My run-ins with BT have bored many who read me so I won’t go on but the irony is it’s hard to telephone BT and the company that produced an advertising campaign -“It’s good to talk” - doesn’t actually want to…talk that is. We got back from Venice three weeks ago and our land line was down. Getting through to a human was hard and when I did they lived in Chenai and they weren’t briefed about the angry me - the human ‘me’ - not just my phone number. It’s taken three weeks, three engineers, with only the last one to visit qualified to do the work. It worked fine but then stopped working although right now it’s OK again. My fingers are crossed.
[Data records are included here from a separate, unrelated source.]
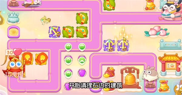 3、靠近右边的桃子还有钱袋哪一个先被打掉就在哪一个位置建造回旋镖;
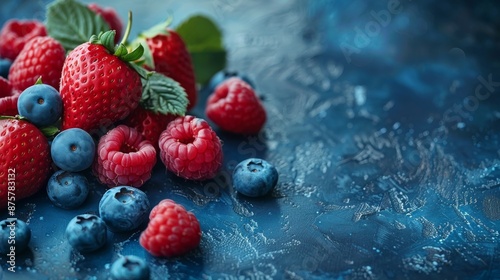 Fresh Blueberries, Strawberries, and Raspberries on Blue Background
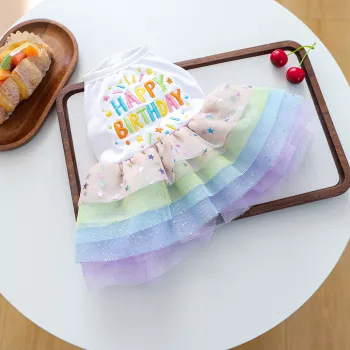 Fancy Birthday Elegant Dog Vest with Colorful Tutu Skirt – Pet Party Dress
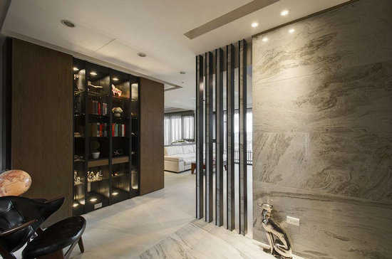 编辑点评:对称式收纳鞋柜、中间段落以层板设定,可摆放屋主的琉璃收藏,亦可作为转折入室的端景印象。

This is a marketing problem. I want a Bob Hoskins sound-alike on my case not an Indian with an MBA being very nice but without being trained in how I feel and me feeling worse through being carefully nice to prove I’m not racist. BT is a dinosaur trying to be hi tech and this rusty old beast isn’t human so even when they get it right I get cross.


Next; my wife’s eye examination at the Brighton Eye Hospital. Result: nurses brilliant; doctors superb; front of house marketing a disgrace. The waiting room is dirty. How dare they have posters emblazoned “This is an infection free zone…are you are in the zone?” when it’s clearly a breeding ground for all kinds of vile viruses, especially the filthy windows which make those on a Southern Railway train look spotless. And talking of railways why in this supposedly state-of-the-art palace of medical technology would you have a large but faded print of a Great Western steam train tootling through idyllic pre-war Britain? And finally under another poster which asked cheerily “Having trouble with your sight?” they had a little library of sarcastically small print paperbacks bar one vast  1000 pager called ”Into the Darkness”. Also amid the plethora of posters was one that intrigued me. It said “Finding Your Feet with the ECLO* - and in small print *Eye Clinic Liaison Officer


Decent marketing communication - I conclude somewhat irritably - would put us all in a better state of mind and make our world a better place.

Monday 19 September 2016

CHANGING THE WAY WE THINK ABOUT THINGS

Ever since the debate about Grammar Schools started - surprising for a new PM to embrace a lost cause so strongly - I’ve been thinking about the way labels and images change our thinking.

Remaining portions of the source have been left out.